Bayesian Language Detection

Excellent – I managed to write a Bayesian filter today from scratch (well, something that vaguely resembled and works like one). The application is a fairly common one – you pass it a slab of text and it detects which language the content is written in.

This is going to be used in the background of Blogwise, for blogs where I can’t autodetect the language from metadata, and will silently run on new blog submissions.

The application is relatively straightforward. I feed it a load of text content known to be in a specific language. It ranks the word by frequency, and links it to the language. When it’s done it has a frequency chart for each language. So, for example, the top words in English are the, of, and; the top in French are de, la, le; in Spanish it’s de, la, que; and so on.
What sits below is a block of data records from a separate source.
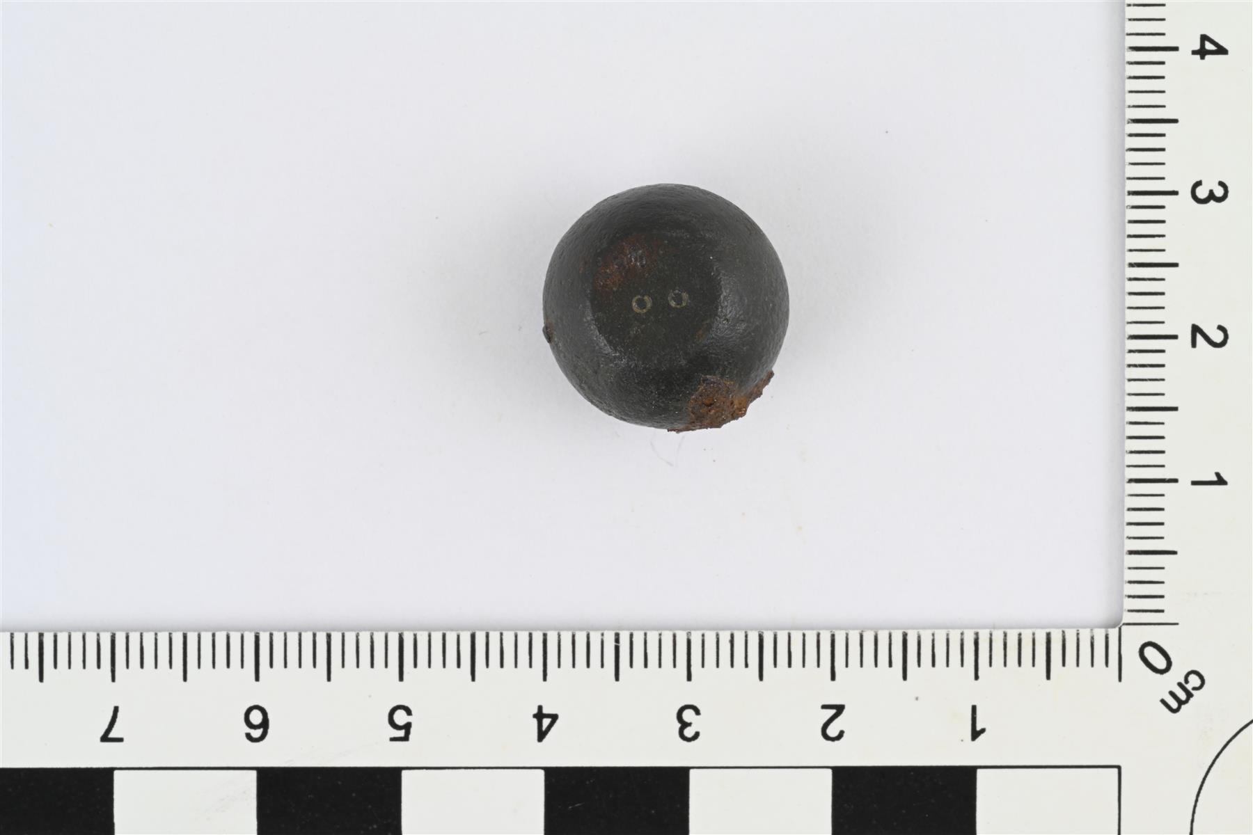 | Kuulamainen punnus. Kupariseosvaippa ja rautaydin. Raudan korroosio rikkonut hieman kupariseospintaa. Lakien halkaisija 9 mm, kummassakin kaksi pientä ympyräleimaa. | |
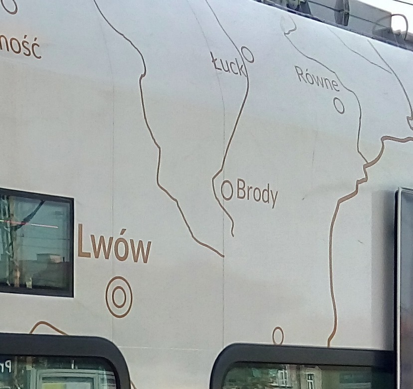 Вчора, 31 серпня, у Польщі почала курсувати електричка зі зображенням мапи міжвоєнної Польщі. Тож на транспорті в складі Польщі зображені й західноукраїнські міста, зокрема Львів.
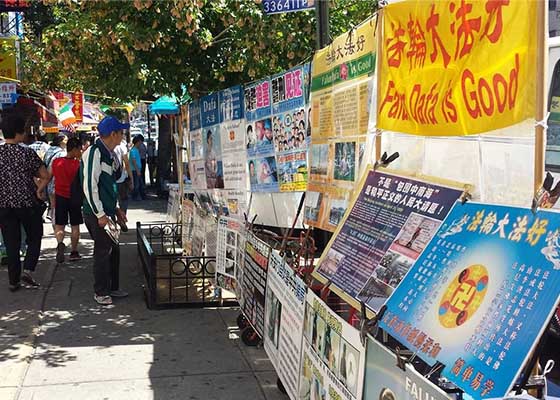 自六月以来,部份纽约和新泽西的法轮功学员利用周日的休息时间来到纽约布鲁克林的华人社区集体炼功和打横幅,明白真相的华人对此表示支持。

You’ll notice that Spanish and French share the same top words – it’s an art to get the checking algorithm tweaked to produce accurate results. The algorithm takes into consideration many words, and particularly looks for words that exist or are popular in one language but are rare in another.

The sample data is rather thin, but already I’m seeing promising results. Of the six languages tested (French, Spanish, German, Italian and English (UK & US)), I provided five samples. I then tested them with two further samples.

The results were very promising (even with such a small test group) – not only was the system correct on all but one case, it was making enough of a distinction between languages for the confidence to be very high indeed.

The only error was an incorrect assessment of a UK English blog as US English, but there’s hardly a massive difference. US English was a close second place in its assessment, and I’m probably going to drop regional differences anyway (UK or US can be confirmed from the country – and does the reader really care?)

So this is good news, and all in the name of progress for Blogwise! Not bad for a few hours’ work.

4 thoughts on “Bayesian Language Detection”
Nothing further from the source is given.